The researchers found a mutant gdd1 in rice with significantly shorter seeds and organs. Physiological experiments showed that the mutant responded to gibberellin normally and exogenous application can restore its phenotype. Combined with genetic analysis, it proved that gdd1 For a new gibberellin synthesis defect mutation. The researchers isolated the GDD1 gene by map-based cloning, proving that the gene is located on chromosome 9 and encodes a kinesin-type motor protein BC12. Gene chip analysis showed that the transcription level of KO2, a key gene for gibberellin synthesis in the gdd1 mutant, was significantly down-regulated. Bioinformatics analysis, EMSA and ChIP proved that GDD1 can bind to the promoter of KO2 and has transcription factor activity. Therefore, the target gene of GDD1 is considered to be the key gene for gibberellin synthesis KO2. Further identification by capillary electrophoresis and mass spectrometry confirmed that the gibberellin synthesis in the mutant was reduced. This discovery reveals a new mode of gibberellin synthesis regulation and opens up a new avenue for the functional study of motor proteins in plant and animal cell growth and cell division. GDD1 gene has potential application prospects in molecular breeding.

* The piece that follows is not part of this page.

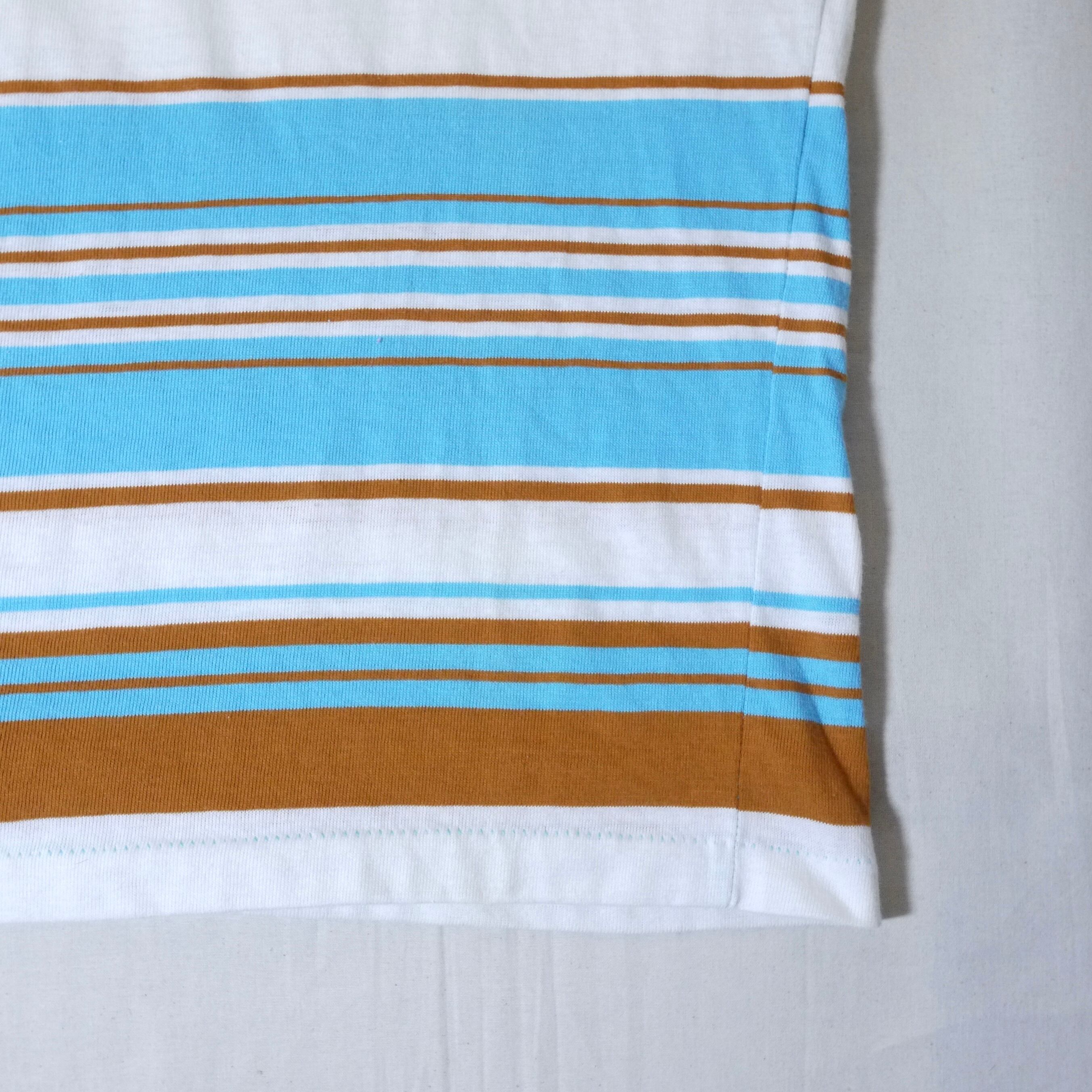 ホワイト、ライトブルー、ブラウンのボーダー柄Tシャツ。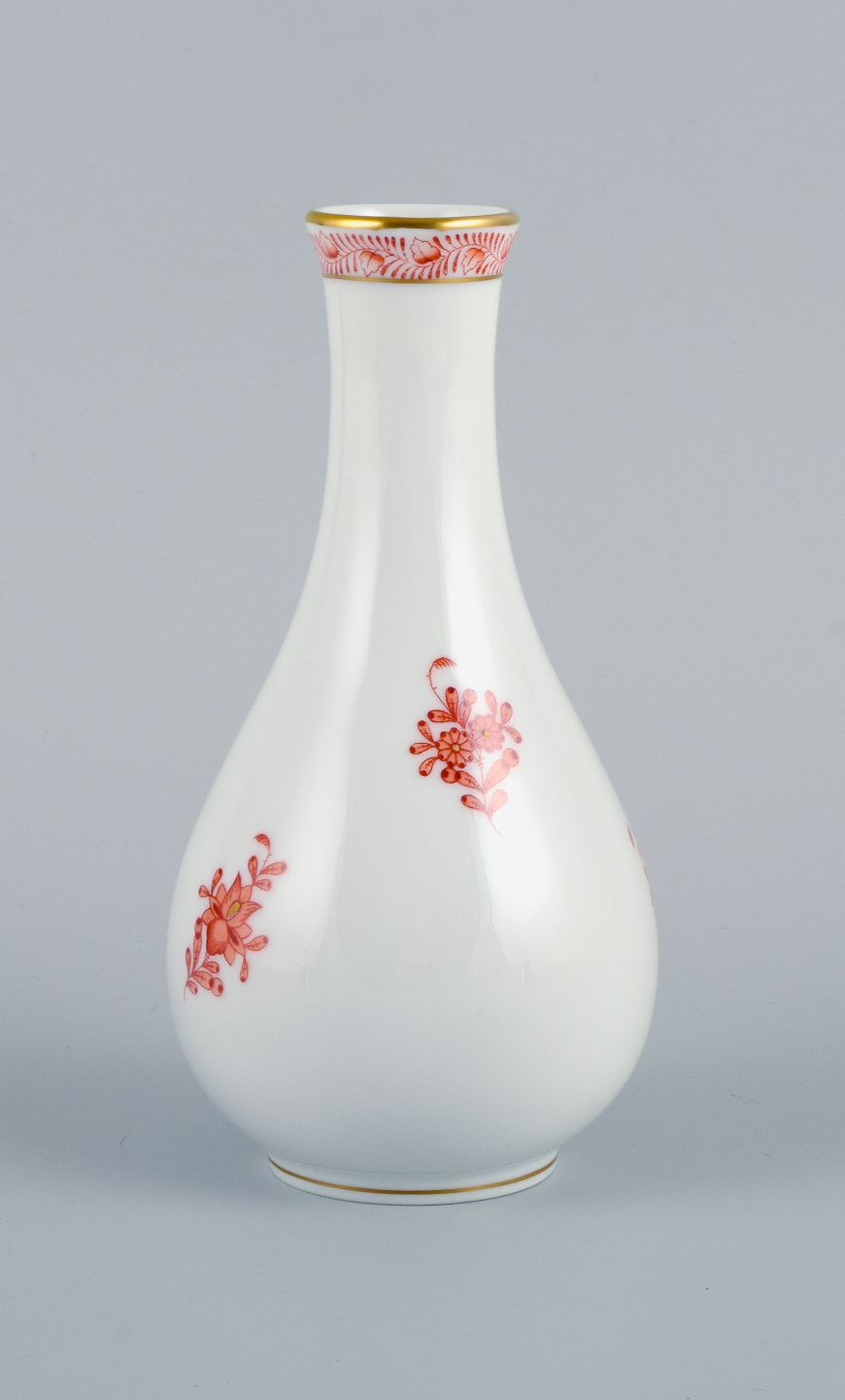 Herend, Ungarn, porcelænsvase, håndmalet med orange blomster.

Related research work was published in the international academic journal "The Plant Cell" on February 15 (thesis link: http: //). The research was supported by the Fund ’s Innovation Research Group Project and the National 863 Project.
GDD1 mutations cause cell growth, KO2 gene expression, and gibberellin (GA) metabolism. A. Mutant seeds and ears and cell growth are blocked. B. GA restores the microtubule arrangement of mutants, and GDD1 has transcription activation activity. C. Localization of GDD1 and mutant GA metabolism.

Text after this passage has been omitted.